Someone had left the door open between Maximum Security and the cellblock beyond it…Lloyd Henreid thought that, between the cries and the very natural fear that he felt, he would go utterly and completely bugshit.

“Mother,” the hoarse, echoing cry came. “Mootherr!”

So the first thing I have to say about this chapter: NOPE. Nope nope nope. We open with a detailed description of Lloyd’s activities since the superflu hit his prison; he’s been trying to take off the bolts on his bedframe. With his fingers.

…and he had actually gotten five of the six bolts. As a result his fingers looked like a spongy mess of raw hamburger. The sixth bolt was the one that had turned out to be the bitch-kitty, but he was beginning to think he might actually get it.

*rocks in the corner* I don’t do gore. I just don’t. I know that’s hypocritical given that I’m a huge zombie fan, but with zombies, the amount of gore feels like parody sometimes. I watched Saw once and the majority of that was with my eyes closed. Plus, I work with my fingers a lot—I write and I cross-stitch for fun, I’m surprised my hands haven’t turned into twisted claws; a description like that is going to make me wince.

Lloyd has figured out that he’s still screwed—he’s not getting his trial at this point. However, he’s stuck in a prison with a dwindling population, a dwindling staff, and the growing notion that the food supply is probably going to dwindle away soon. He does know what’s going on outside, thanks to a deal his neighbor Trask strikes with the guards: martial law, everyone’s dying, you’re all screwed. (Lloyd also gets smart and starts saving half of his dinners, just in case.)

This is the part I do find horrifying about this part—Lloyd flashes back on a rabbit he had when he was a kid. And like a lot of kids who want a pet for Christmas or birthdays or special events, he quickly loses interest in it. Lloyd forgot about it for two weeks. The results were not pretty.

And while I don’t think Lloyd’s situation would really happen in real life, I also realize—everyone’s dying and they’re too busy figuring out what’s happening, rather than worrying about prisoners. And given that the flu acts so quickly, there’s barely any time for anyone to go “Hey, human rights laws? Anyone?” and get prisoners in a more secure location. Because what’s going to happen when Lloyd’s supply of food does run out…

When it was close enough, Lloyd got on his knees and pulled the rat through to his side.

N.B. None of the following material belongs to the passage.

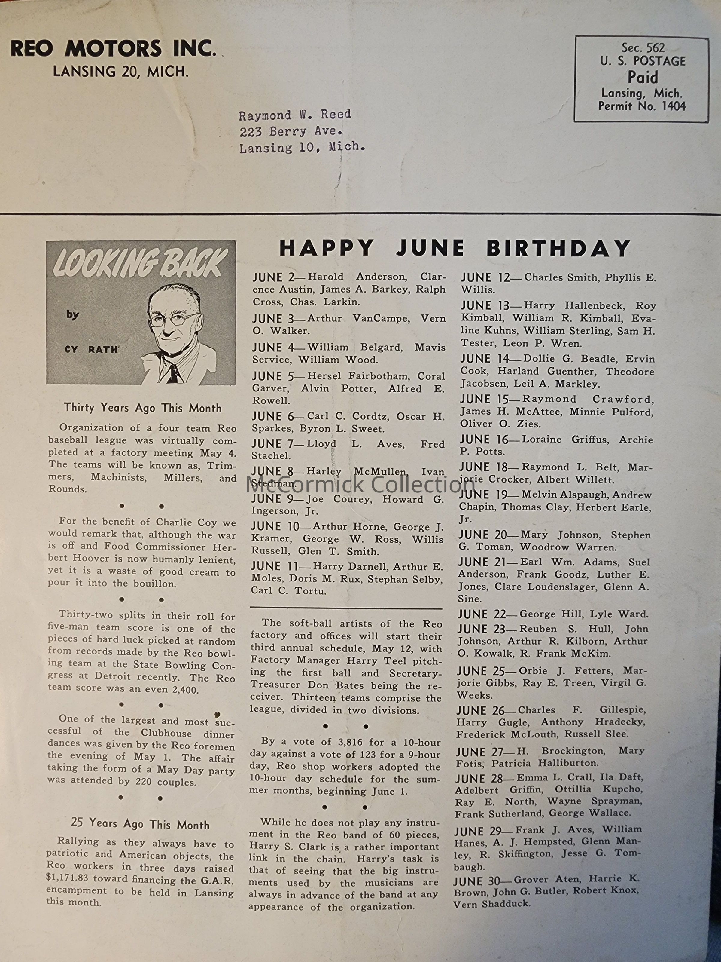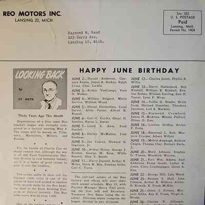 Reo employee newsletter. Addressed to Raymond Reed, my great grandfather.

He picked it up by the tail and held the dangling body before his eyes for a long time. Then he put it under his mattress where the flies could not get at it…

“Just in case,” Lloyd Henreid whispered to the silence. “Just in case, is all.”

Chapter 33

At twenty-two minutes of nine by the clock over the sheriff’s office doorway, the lights went off.

Hiiii Nick.

So disabilities in fiction. Nick isn’t quite at the level of disability superpower (despite being able to read lips fairly well in the dark, but that seems to be the extent of his abilities) but he’s still able to get around and figure out what people are saying with very little trouble. But at least it’s not impossible for someone to sneak up on him.

Nick’s back was turned, and he had no idea he was no longer alone in Sheriff Baker’s office until the hands closed around his neck and locked there…He was half-strangled before he got over his first terror and he felt sudden certainty that the black creature from his dreams had come to life…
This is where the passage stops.